Given all the uproar over GOP presidential nominee Donald Trump’s baseless, utterly false and profoundly racist claims that Haitian immigrants are eating people’s pets in an Ohio town, I would likely to make a public statement that is supported by an equal amount of evidence:
“Not long ago, billionaire Elon Musk ate my cat, Mr. Smushyface. Days later, Donald Trump’s running mate, Sen. JD Vance of Ohio, stole and then barbecued and ate my dog, Zoe. I remained quiet about these incidents for fear other tech bros like Musk and Vance might come for my hamster, Dennis. But after much thoughts and prayer, I have decided to honor the memories of Zoe and Mr.
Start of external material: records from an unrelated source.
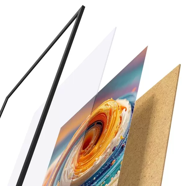 Plakát se skládá z rámu, plexiskla, tištěného obrazu a dřevotřískového podkladu. Díky úchytům na zadní straně lze plakát ihned zavěsit na zeď.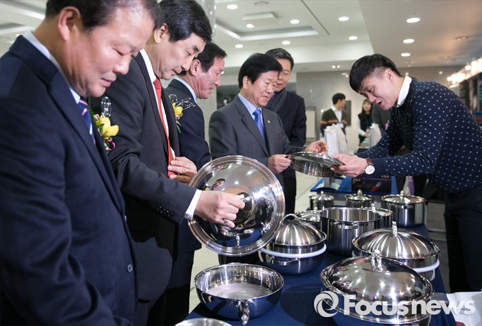 (서울=포커스뉴스) 7일 오전 서울 여의도 국회 의원회관에서 열린 2015 개성공단 우리기업 상품 전시회에 참석한 이종걸(왼쪽 두번째부터) 새정치민주연합 원내대표, 정기섭 개성공단기업협회장, 박병석 의원, 최재천 정책위의장 등 내빈들이 상품을 살펴보고 있다.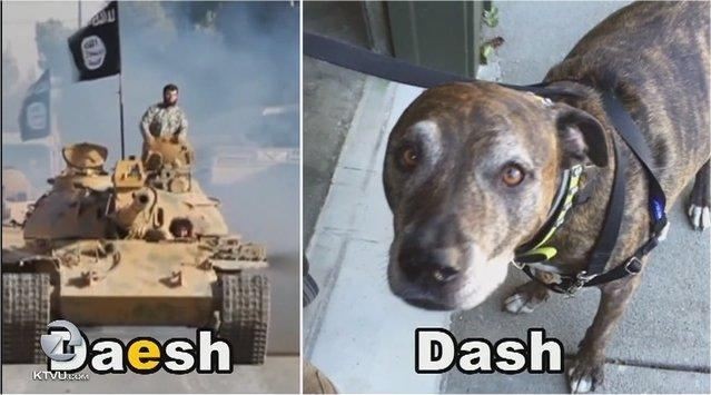 混種比特犬「阿飆」(Dash)是一頭擅長撫慰人們心靈的服務犬(Service Dog)。但是因為牠的英文名字Dash,跟遜尼派極端組織「伊斯蘭國」(IS)的英文別名Daesh(達伊沙)的拼法和發音太過相近,讓加州一家銀行的職員感到驚慌,一度以為發生恐攻。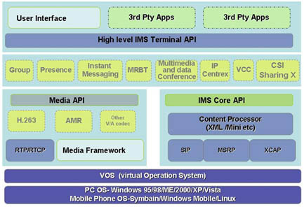 高陽(yáng)IMS軟終端產(chǎn)品線是基于IMS(IP多媒體子系統(tǒng))技術(shù),以通信終端功能為主,融入IT特性,將在線狀態(tài)、即時(shí)消息和群組管理融為一體,集合語(yǔ)音、數(shù)據(jù)、視頻通信,提供統(tǒng)一的用戶體驗(yàn),實(shí)現(xiàn)移動(dòng)電話、PC之間的互聯(lián)互通,并且符合3GPP/ETSI/OMA/IETF/ITU-T等國(guó)際標(biāo)準(zhǔn)組織和中國(guó)電信/中國(guó)移動(dòng)規(guī)定的IMS相關(guān)規(guī)范。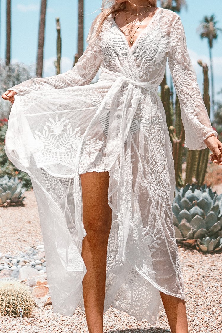 White Lace Maxi Wrap Cover Up

Smushyface by letting the world know what I claim to be the truth.”
For those fortunate enough to not yet be aware of the “immigrants are eating our pets” allegations that bubbled up from the right-wing fever swamps and got spouted by Trump during Tuesday’s presidential debate, here’s the deal: A random Facebook post, grounded in something along the authoritative lines of “I heard from a friend of a friend’s kid,” claimed a cat went missing and was (maybe) eaten by a Haitian immigrant.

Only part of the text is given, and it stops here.